CHEM 753 Organometallic Catalysis
This course is concurrent with CHEM 451 – Applied Homogeneous Catalysis and CHEM 532 – Organometallic Chemistry and aims to teach students the concepts in modern organometallic chemistry with an emphasis on applications of organometallic compounds in synthetic chemistry and important catalytic transformations, relevant to petroleum and chemical industries, including the synthesis of commodity and specialty chemicals. The course covers synthesis and bonding in organometallic complexes, fundamental reactions and their mechanisms, thermodynamic and kinetic considerations of complex formation, stability and reactivity, and applications of organometallic compounds to synthetic chemistry and catalysis. The later includes in-depth analysis of mechanisms of catalytic reactions, methods for catalyst separation and challenges in applying organometallic catalytic systems in industrial setting.
CHEM 780 Research Methods and Ethics
This course is designed to help students develop scientific writing skills.
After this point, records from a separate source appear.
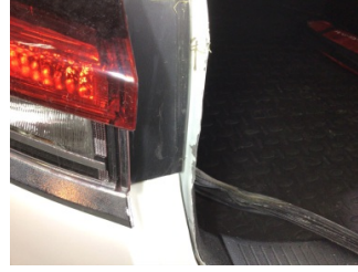
Arka bölüm, Arka sac/panel > Hasarlı
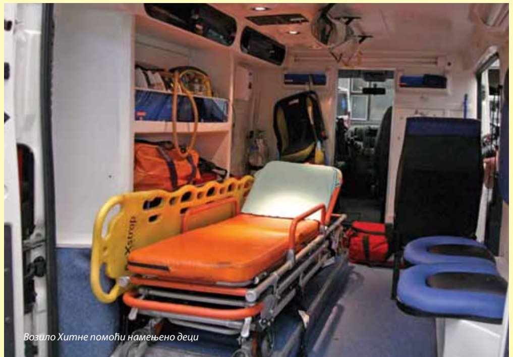
Возило Хитне помоћи намењено деци
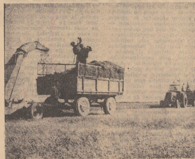
Lucrări de sezon în comuna Mîlcov, județul Vrancea
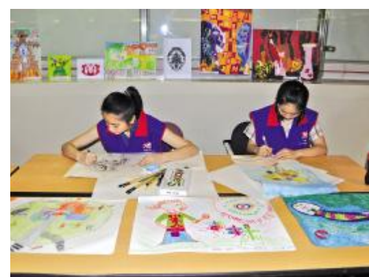
志愿者现场作画,绘出一片阳光
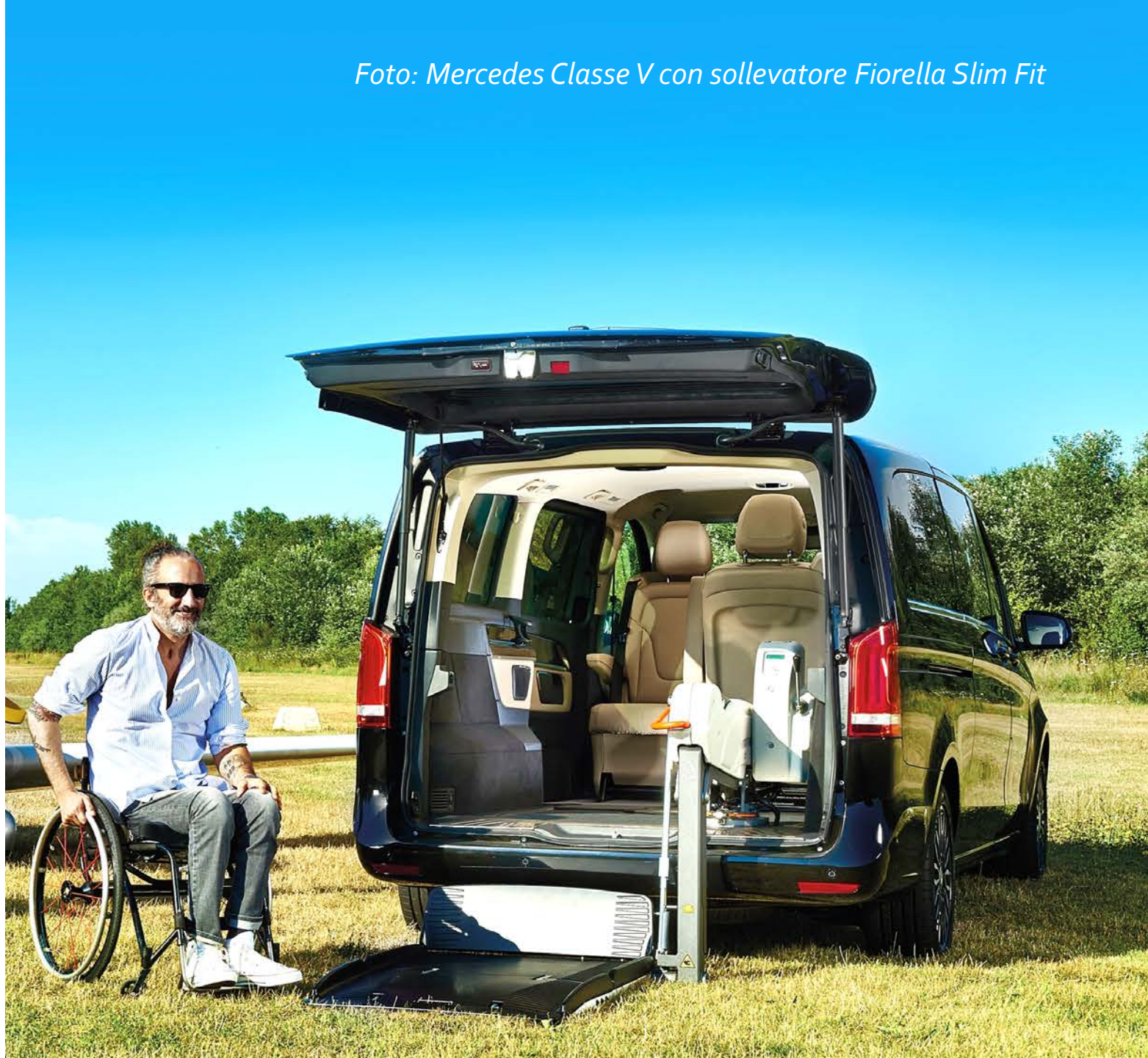
Foto: Mercedes Classe V con sollevatore Fiorella Slim Fit
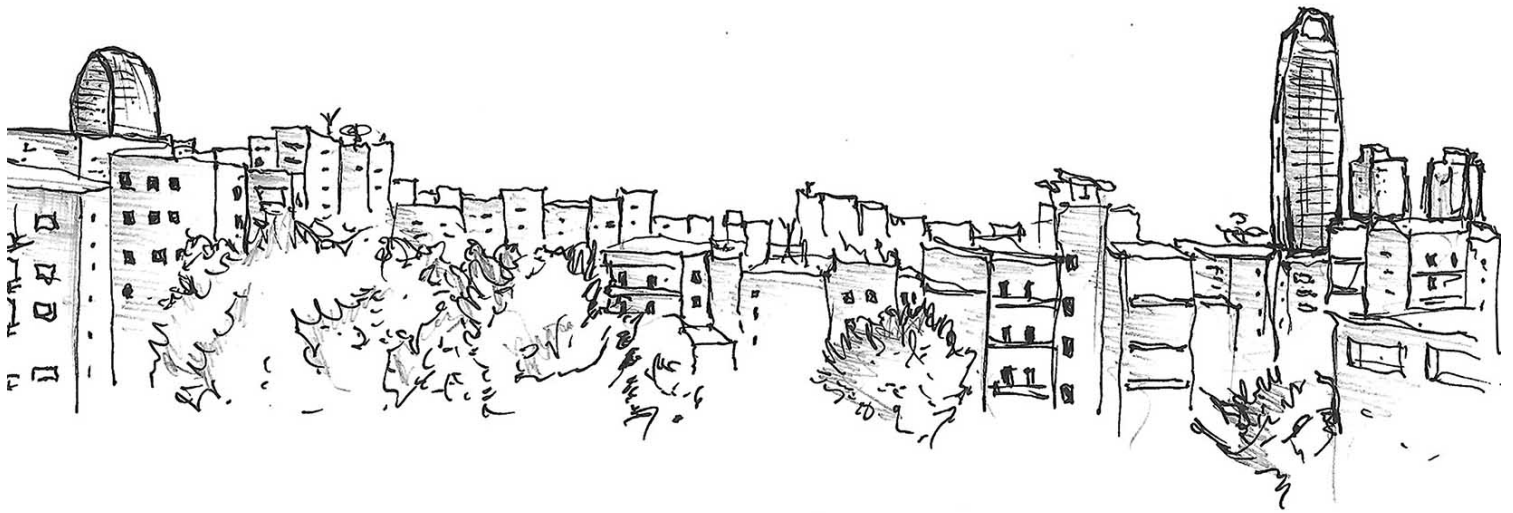
Εικόνα 4: Αποψη της υφιστάμενης κατάστασης μέσα από την πόλη.

Σε τέταρτο και τελευταίο επίπεδο, αναλύσαμε τα έργα που υλοποιήθηκαν βάσει ευρωπαϊκών πολιτικών, κατά την προηγούμενη, την υφιστάμενη και την επερχόμενη προγραμματική περίοδο. Επίσης, αναλύσαμε την αρχή της διαδικασίας των μεγάλων αστικών αναπλάσεων, με την εμφάνιση του πρώτου ψηλού κτηρίου, που αποτέλεσε το έναυσμα για την υιοθέτηση του νέου αναπτυξιακού προτύπου στον Δήμο Λεμεσού, καθώς και την κοινωνικοοικονομική κατάσταση της περιόδου. Ακολούθως, διερευνήσαμε την επιλογή της χωροθέτησης των ψηλών κτηρίων στον Δήμο, παρατηρώντας την ένταση που παρουσιάζει το φαινόμενο κυρίως επί του παράκτιου μετώπου. Διακρίναμε τις χωροκοινωνικές επιπτώσεις και ασυνέχειες των αστικών αναπλάσεων στα χαμηλά οικονομικά στρώματα, και την κυριαρχία του ιδιωτικού τομέα στην πολεοδομική πρακτική στο σύνολο του Δήμου, και κατ' επέκταση της Επαρχίας.
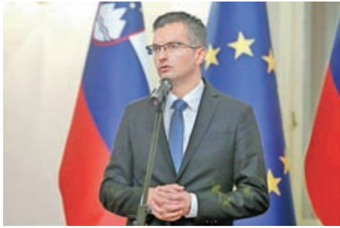
V poročilu o stanju in nabavah opreme za boj proti epidemiji covid-19 vlada nekdanjemu premierju Marjanu Šarcu očita, da je ignoriral opozorila o pomanjkanju zaščitne opreme.
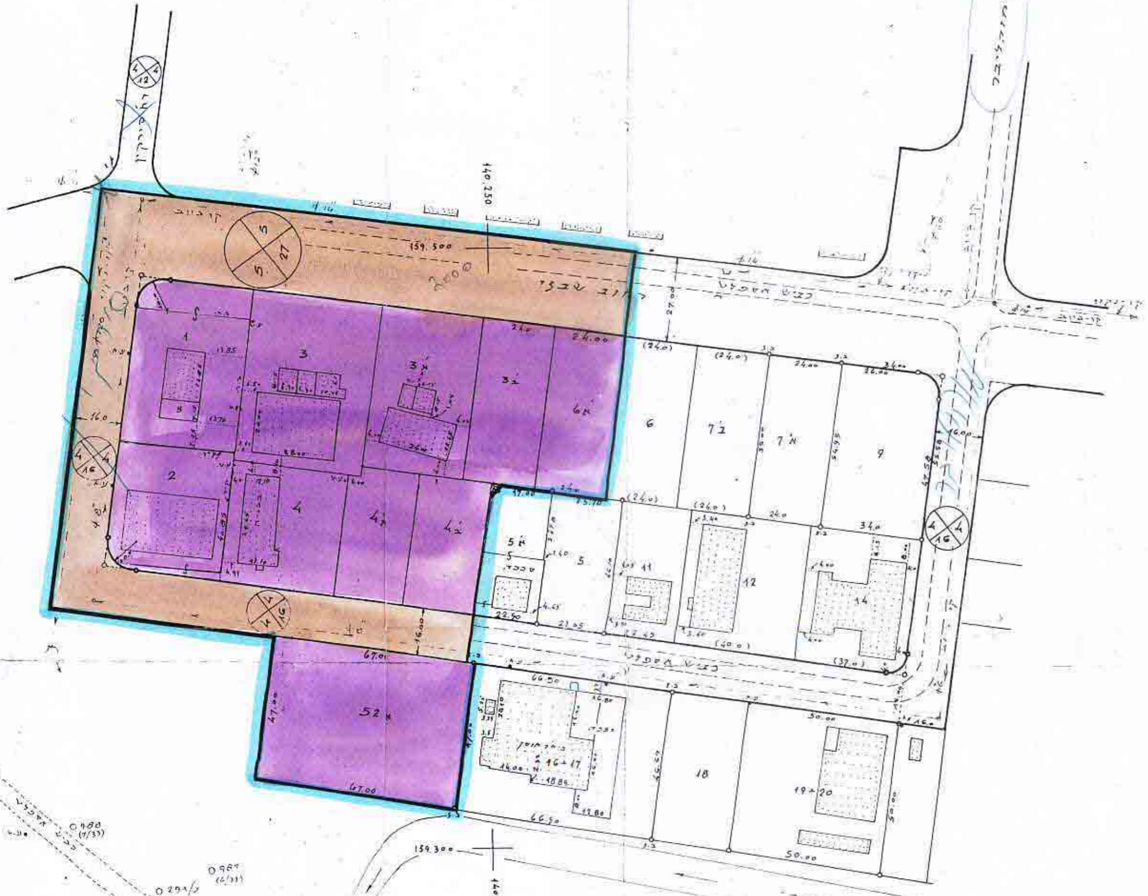
תרשים מצב מוצע 1:1250 (אזור התעשייה)

Handwritten signature and date: 13.11.77
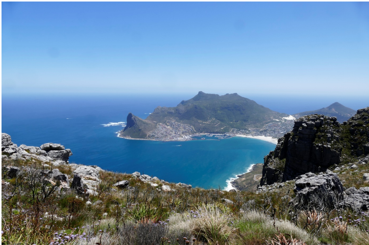
Der Ausblick vom Eagles Nest Lookout auf Hout Bay ist spektakulär.

Übernachtungsmöglichkeiten: viele Angebote in Kapstadt, Camping in Chapmans Peak Caravan Farm, Noordhoek
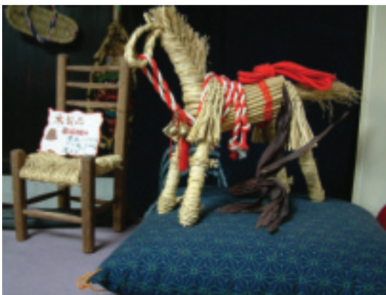
村中的吉祥物—寶馬。

於是這7位媽媽們，由真理呼帶領，開始朝著她們的夢想逐步前進。至於她們的夢想是什麼呢？她們希望：未來每個從村裡出身的孩子都能對這個村有極深的認同及感情，外出謀生的學子能夠很驕傲地告訴別人自己在片品村快樂的成長過程及故鄉的生活點滴，能與外人分享片品村獨特的文化、人文與美好的回憶，並以自信、歡愉的口吻，
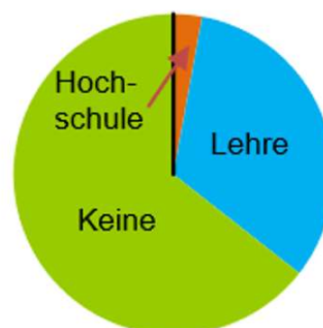
Ausbildung in der Schweiz
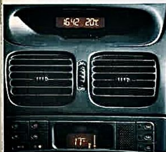
El aire acondicionado del Laguna se ofrece como opción. Cuesta 189.000 pesetas.

también ofrecen sorpresas a poca velocidad. Cualquiera de los tres (el Vectra peor por lo anteriormente comentado), es capaz de circular por ciudad en quinta y a 45 kilómetros por hora sin decir esta boca es mía.
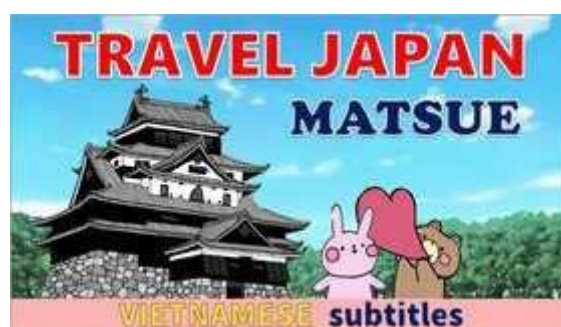
Khóa học bằng tiếng Việt

Đây là khóa học mà người học vừa học tiếng Nhật du lịch, vừa tham quan thành phố Matsue tỉnh Shimane nổi tiếng với chủ đề "cầu duyên".
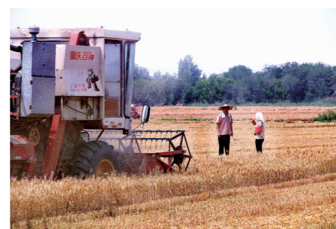
丰收的喜悦
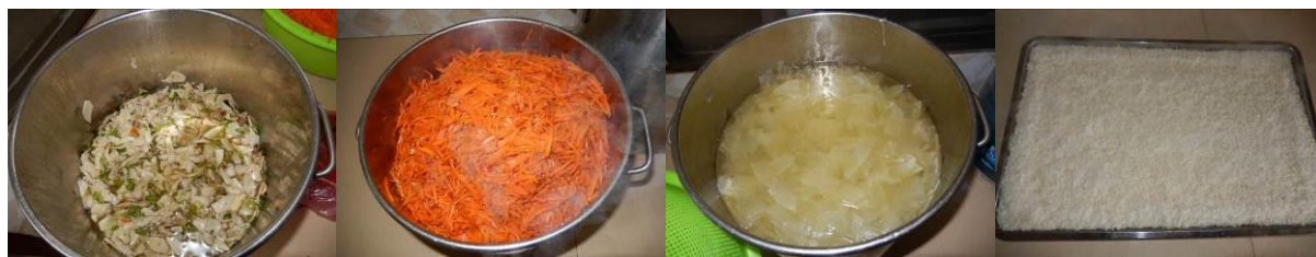
图 14 当日菜品组图
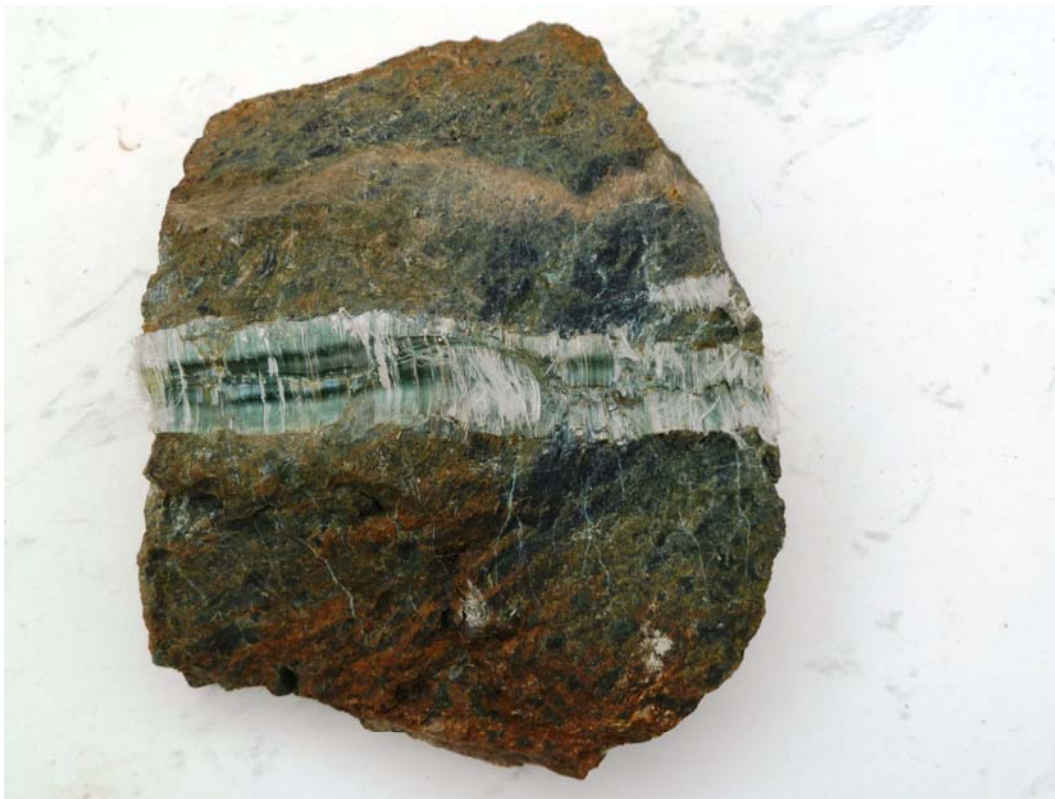
Bild 5.3.20 D: Asbestmineral Chrysotil, Trodos-Gebirge, Zypern, Breite des Asbest-Bandes: ca. 10 mm
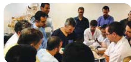
Curso de Ortopedia e Traumatologia contou com atividades práticas
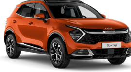
Fusion Turuncu (RNG)
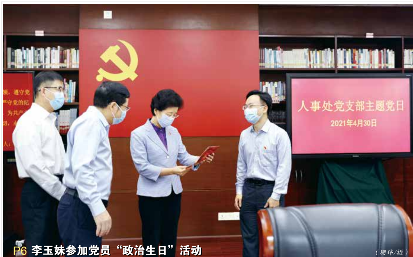
P6 李玉妹参加党员“政治生日”活动
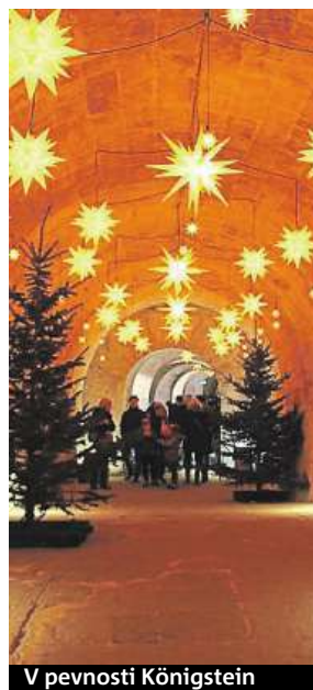
V pevnosti Königstein

Pokud jste ještě nenavštívili vánoční Vídeň, měli byste to letos napravit. Christkindlmarkt, což je největší trh na Radničním náměstí, má otevřeno již od 12. listopadu. Za návštěvu stojí i vánoční vesnička u zámku Belvedere, před jehož barokním průčelím se vyjímá majestátní vánoční strom. Vychutnat si zde můžete zpěv nejen rakouských pěveckých sborů a děti se mohou projet vánočním vláčkem. Chystáte-li se na vídeňské vánoční trhy, nezapomeňte si brusle. V okolí Radničního parku se můžete klouzat na dvou ledových plochách nebo na stezkách vedoucích přes park. Zájemci si mohou dokonce vyzkoušet curling. HOPE
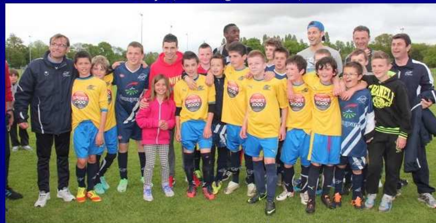
avec l'équipe de Vignoc-Hédé-Guipel qui s'est imposée en U13 face à Pornichet.
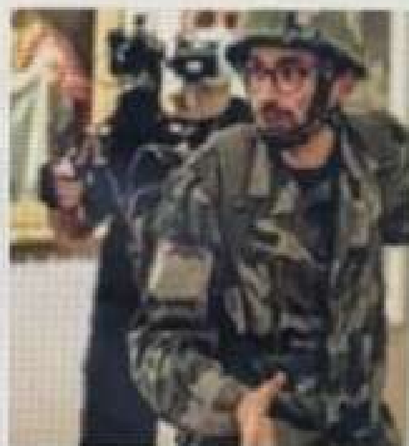
Ce soir, c'est la compagnie La Jone qui animera la soirée depuis Le Mans.
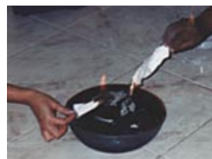
Queima de Cartas

Também os trabalhos de contemplação, onde se sai de um mergulho profundo para reverenciar o Cosmos integra este ponto. Finalmente no Sudeste, o fogo brando da vela revela o poder do fogo transformador. Este não queima nem esfria, mas mantém aquecido, transformando, purgando - destruindo as diferenças, extinguindo os desejos, reduzindo ao estado primeiro da matéria. É o fogo de Héstia.
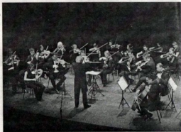
Gudački ansambl Crnogorskog simfonijskog orkestra
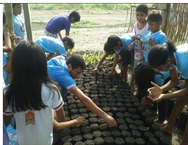
Foto 10- Realização de monda e plantio de guaraná. 29/09
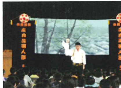
酒田市立内郷小学校にて
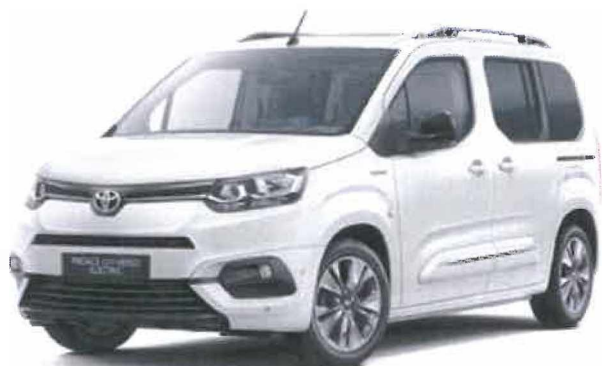
EPR Bílá ledová standardní lak bez příplatku
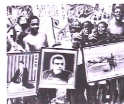
皇民化政策の宣伝写真

「マレーの虎」と呼ばれた山下中将は、「降伏、イエスカノーか？」と、シンガポールの守備隊に迫ったとされる。
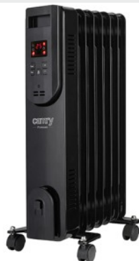
OIL FILLED RADIATOR CR 7812
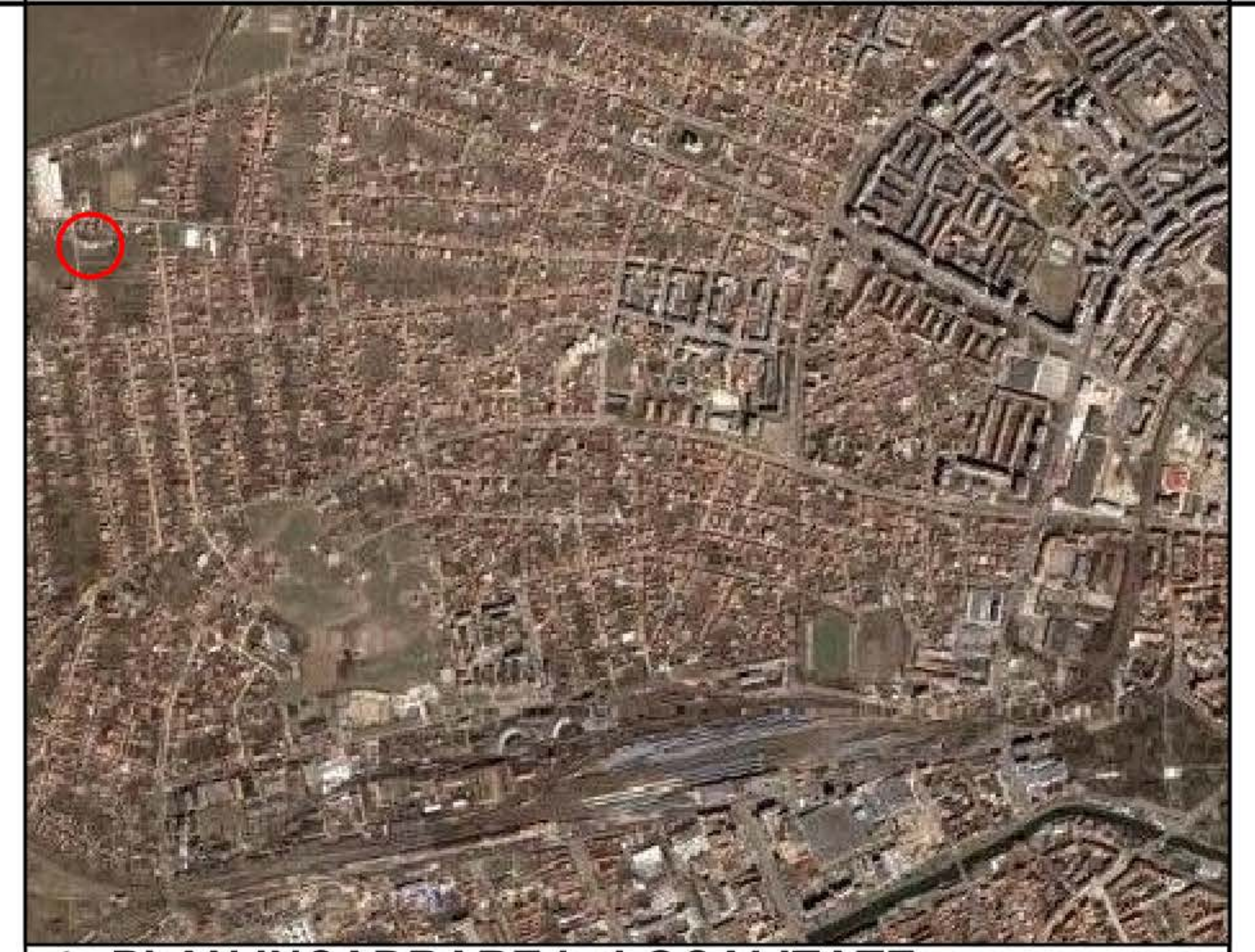
• PLAN INCADRARE in LOCALITATE

It provides an understanding of scientific methods and ethics, as well as practical aspects of statistics, experimental design, research methodology, laboratory safety, and bibliographic databases; in particular, the use of Reaxys, SciFinder Scholar, and other scientific databases, as well as specialized chemistry software such as ChemDraw and others. At the end of the course, students will be required to write a research paper in their chosen field.
CHEM 789 Thesis Research
This course is designed to monitor progress and develop understandings, skills, and outlooks to conduct original, independent research at the Ph.D. level. The student will develop (with the advisor’s guidance) a research plan at the beginning of the semester that will state a research problem/question/hypothesis, its background, outline a research strategy and experimental approach, method of data collection, interpretation and validation, and method of communication of the project results to others. The research plan is used as the basis for assessment of the student’s research progress.
CHEM 800 Doctoral Thesis
This course is designed to facilitate before the end of the prescribed program period or approved degree deferral period the writing and submission of the doctoral thesis for review by the thesis examiners. The thesis must be completed according to the Format and Style Guidelines of the Chemistry Department.